I only want to match the variable names with a result like this: function1 function2 function3 function4 function5

I've been playing around with this on https://regexr.com/ for hours and I cannot get this one.

This is what I have tried: regex to find a string, excluding comments With this post its using a negative lookbehind. I cannot use a negative lookbehind because this regex is being used in Perl 5.32.1 on a Windows 10 machine.

This is the best I could come up with:

(\bfunction[\w]+\b[^:,])

Were it excludes line matches with : or , but it doesn't exclude duplicates that are enclosed inside the /* */. But I haven't been able to figure it out other than using a negative lookbehind which I cannot use.

Ultimately, I think the best solution would be to exclude everything in between /* */ and only search for things that are not contained with the comments. But it would need to support exclusion of multline comment content and not use a negative lookbehind.

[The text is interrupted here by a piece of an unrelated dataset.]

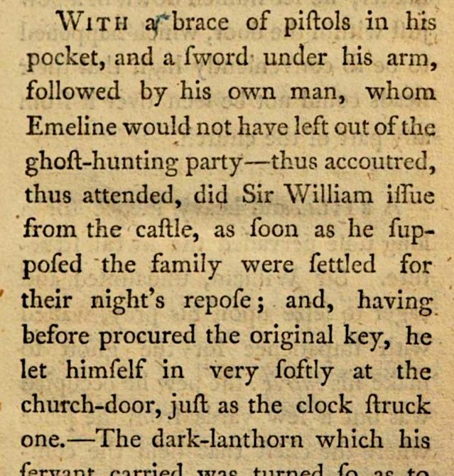 Yep, a character named Sir William Montreville sets out late at night, armed with piftols and fword — uhm, pistols and sword — for some ghost-hunting with his servant! Earlier, the character interviews those who claim to have witnessed a specter at the church. While remaining skeptical, he promises “he would himself go in search of this terrible ghost.” Upon arriving at the site said to be haunted, Sir William sits hidden in a pew, watching and waiting. Nocturnal surveillance — the hallmark of ghost hunters since Athenodorus! In other words, this use of ghost-hunting isn’t a way of saying a fool’s errand or some other figure of speech. Though intending to debunk the haunting, Sir William is acting as a ghost hunter in the way I suspect most people today apply that label.

Testing Round 1 Testing Round 1

This is not not a complete answer to my problem becuase it doesn't omit the const & space in front of the function name. The function1, function 2 etc are just generic function names. They would be alphanumeric so believe function[\w]+ still provides the best capture for the function names.

brian d foy
  • 129,424
  • 31
  • 207
  • 592
  • Is `(function[\w]+)` what you're looking for? @LearnToBeBetter – lemon Apr 13 '22 at 00:15
  • No, this will grab all occurrences of both in the comments and outside the comments resulting in lots of duplicates. – LearnToBeBetter Apr 13 '22 at 02:48
  • If you're just trying to grab the "function# =" ones, how about this: `if (/(function.+?) =/) { print "$1"; }` Prints: **function1 function2 function3 function4 function5** – Keith Gossage Apr 13 '22 at 04:13
  • now I got you're task, check out my answer @LearnToBeBetter – lemon Apr 13 '22 at 11:01
  • I don't understand exactly which function names you need. Is it: (1) the ones from the definition? (2) or the ones from the comments, but only those that have the following definition? Why is `/(function[0-9]+):/` (--> `$1` is then `function1` etc) not good? Or, to make more sure what you're getting, even `/Object:\s+(function[0-9]+):/`. – zdim Apr 13 '22 at 16:07
  • @zdim the ones from the definition. Omitting the ones in the comments – LearnToBeBetter Apr 13 '22 at 16:42
  • You can't have a regex that finds `function` and gives it once without checking the context in which that phrase is found. In order to check the context, you can't avoid backreferencing. In backreferencing what you're doing is matching in first place context+needed_words (which you enclose in parentheses), then you're able to extract the submatch you need by referencing the content of the enclosed parentheses. The operation of backreferencing is a post-processing that you do after getting context+needed_words match, and that you can't simulate inside regexr.com. – lemon Apr 13 '22 at 16:43
  • Or I just grab all the data from const to the end of the function name and load that into a Perl array. Use a loop to iterate through the array and trim off everything before the f in the function name, right? – LearnToBeBetter Apr 13 '22 at 16:49
  • @LearnToBeBetter "_the ones from the definition. Omitting the ones in the comments_" -- but only from those definitions that are preceded by comments that mention the same function ? (And is there always a `:` following the function name in those comments?) – zdim Apr 13 '22 at 17:15
  • @zdim, correct. The was my thought at least was to make sure I omit all comments, multiline included. This way the matching only focuses on the definitions. Even further, it should only focus on the definition name not any of the declarations for the definition name. For example, "const boolean function_some_name = someValue1" I'm looking to only match with the function_some_name and omit all the other surrounding text. – LearnToBeBetter Apr 13 '22 at 17:21
  • @LearnToBeBetter OK, posted a (working for me) program, let me know. Another option is to parse the file by (whole) comments, which will be less picky. Will add that when I get to it. Please keep in mind, in all this: finding (correctly!) comments in a C file _in general_ can be really really tricky. – zdim Apr 13 '22 at 18:03
  • @LearnToBeBetter Updated my answer with another approach – zdim Apr 14 '22 at 07:28

2 Answers2

4

My take on the problem: Find a function name from its defintion (followed by =) outside of comments but following a comment where it was mentioned (followed by :).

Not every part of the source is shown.